How Zeo, the sleep optimizer, actually works. I mentioned Zeo in a blog post in August.


Experiments on the Amazon Mechanical Turk

The Amazon Mechanical Turk is a pretty remarkable marketplace for work which hooks up “requesters” who need to repeat a simple and often tedious task a large number of times with a large pool of “workers” who will complete the task for a small amount of money. It’s a way to have access to an on-demand global workforce at any hour – a bit like the human version of the Amazon Elastic Compute Cloud perhaps. The Mechanical Turk tasks require human intelligence to solve (if they didn’t, you might as well write a  program), and many of the requested tasks look like they will be used as benchmarks for predictive algorithms. For example, one of the active tasks right now specifies that the requester will show the worker a LinkedIn profile and then ask him/her to judge which of ten other profiles it is similar to. The payment for completing the task is $0.03 and the allotted time is 10 minutes. This seems like an interesting way to get class labels for calibrating a machine learning algorithm that finds people with similar profiles in LinkedIn.

Experimental Turk is a cool project which leverages the Mechanical Turk for (social science) research purposes. They have recreated several classical experiments in social science and economics by this “crowd-labor” approach. As far as I can tell, most of the previously published, “classical” results have been reconfirmed by the Experimental Turk. For instance, in the “anchoring” experiment (more about anchoring here), 152 workers were asked a question about how many African countries that are in the United Nations.

Approximately half of the participants was asked the following question:Do you think there are more or less than 65 African countries in the United Nations?

The other half was asked the following question:

Do you think there are more or less than 12 African countries in the United Nations?
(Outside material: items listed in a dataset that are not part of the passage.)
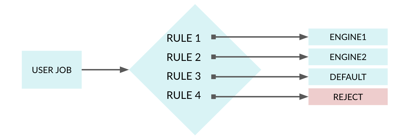 You must arrange the rules in the order that you want them to be evaluated. In the case that multiple rules evaluate to true for a given query, the first rule that returns true will be used to select the engine. The following diagram shows a series of rules that are evaluated when a job gets submitted.
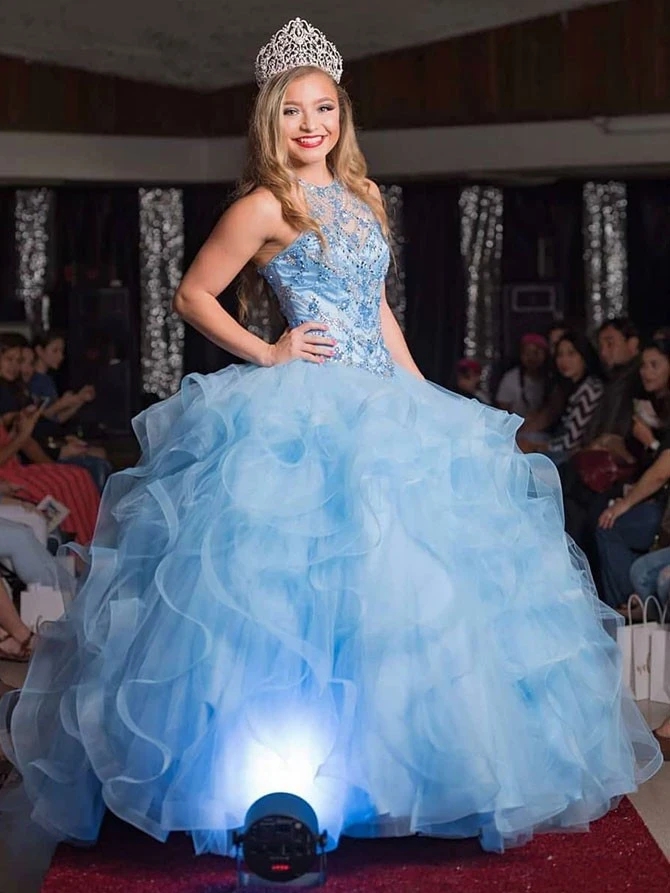 Jewel Neck Tulle Ball Gown Quinceanera Dresses With Beads
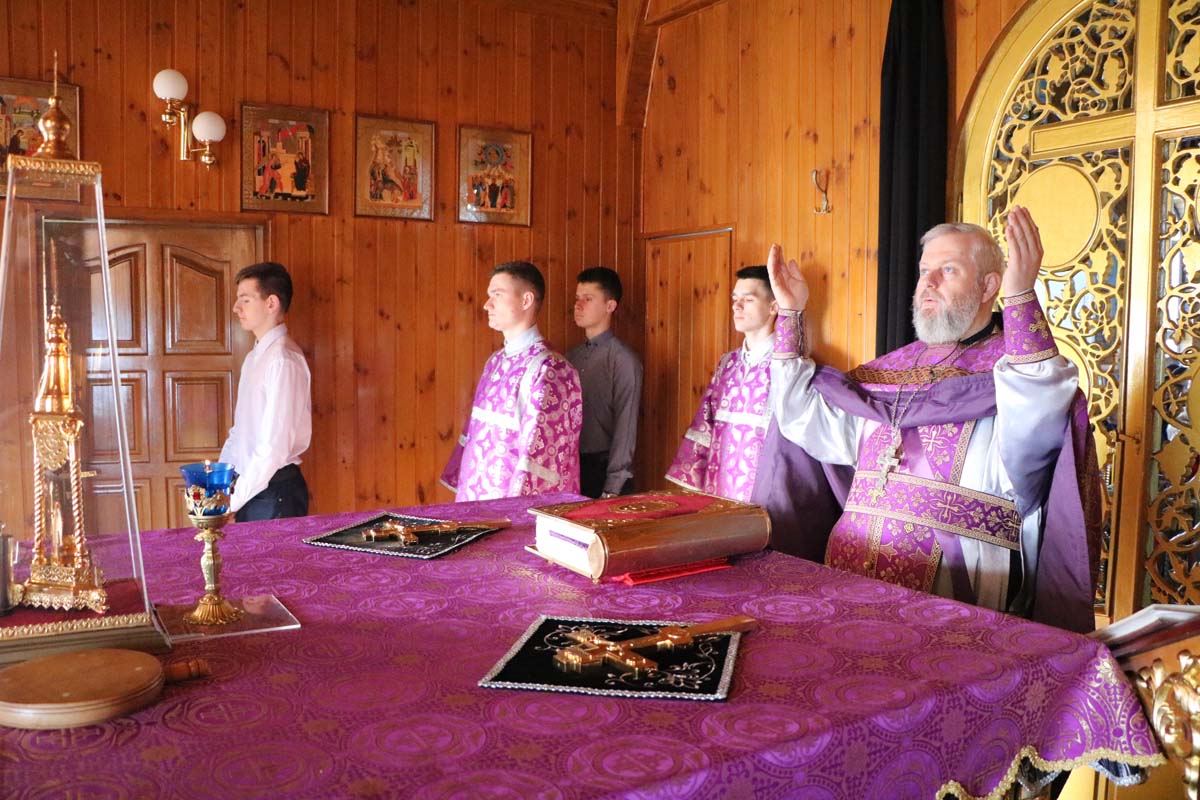 Богослужебные песнопения исполнил молодежный хор «Покров» под управлением Марковской Н.В. По окончании богослужения священник Максим Волк обратился к молящимся со словом назидания.

Both the groups were then asked to estimate the number of African countries in the United Nations. As expected, participants exposed to the large anchor (65) provided higher estimates than participants exposed to the small anchor (12) […] It should be noted that means in our data (42.6 and 18.5 respectively) are very similar to those recently published by Stanovich and West (2008; 42.6 and 14.9 respectively).

The other experiments are also about different kinds of unconscious biases and heuristics. Fun stuff. Scintillae has a guide to doing experiments on the Mechanical Turk.


Just discovered Timetric, another online data visualization/analysis company. They’re based in London and are focusing mostly on time series analysis (which is reflected in the name, of course). Timetric’s platform is pretty open, with good sharing/publishing/embedding functions and an API with client libraries for Python, Ruby and LabVIEW. There’s also a “formula language” for  combining different time series using an Excel-like syntax. It’s fun to play around with the 140.000+ time series that they’ve made available, although the data seem rather Britain-centered at the moment.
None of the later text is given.